The first person you've got to trust is yourself. You need to learn to go with your gut right from the start and out of the gate. Trust yourself or you're not going to succeed.
This is not just something that applies to me. Dan Sobotincic, NextStage Global's CEO, calls it his "spider sense". One of my other mentors calls it "that funny tingling in my toes". I've heard Lee Iacocca, Jack Welch, Steve Jobs, Michael Dell and others speak of the same thing. This isn't something that only appears in business. Generals throughout history have described this "sixth" sense.

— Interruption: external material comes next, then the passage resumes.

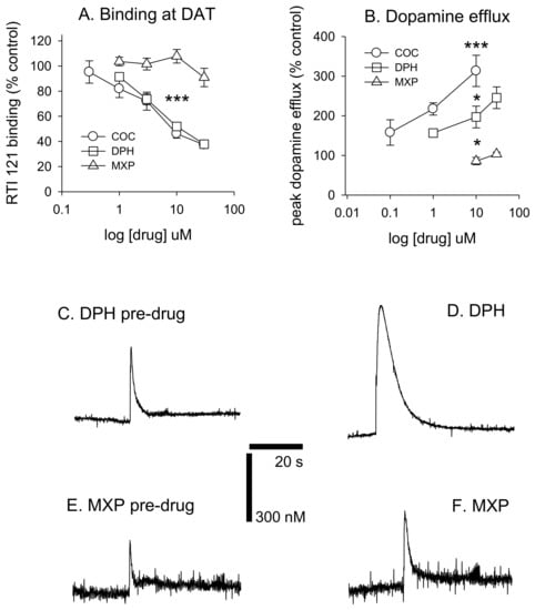 64]. This observation is supported by the present in vitro data where DPH acts as a DAT inhibitor but weaker than cocaine, which can cause a 4-fold increase in DA efflux, as previously observed under identical conditions [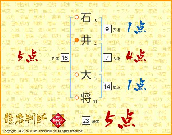 あなたの人生を表す1番重要な運勢です。生涯を通じて影響する総合運となり、主に50歳以降の晩年期に影響を及ぼします。苗字と名前の合計画数。

Is this sixth sense always accurate? History demonstrates that sometimes it is fallible, but even then the evidence is illusory at best. Neuro- and cognitive-science have this sixth sense falling into the category of intuition. The concept of intuition is studied as everything from an energy flow to a kind of non-conscious mathematical savantness. Business studies often view intuition as a form of knowledge management. Elements of NextStage's research go into "expert intuition" points me towards two possibilities and not in an "either-or" configuration but in a "both-and" metaphor.
- The ability to non-consciously access accumulated knowledge via non-directed memory access.
- The ability to both access and accept information from a non-obvious knowledge source.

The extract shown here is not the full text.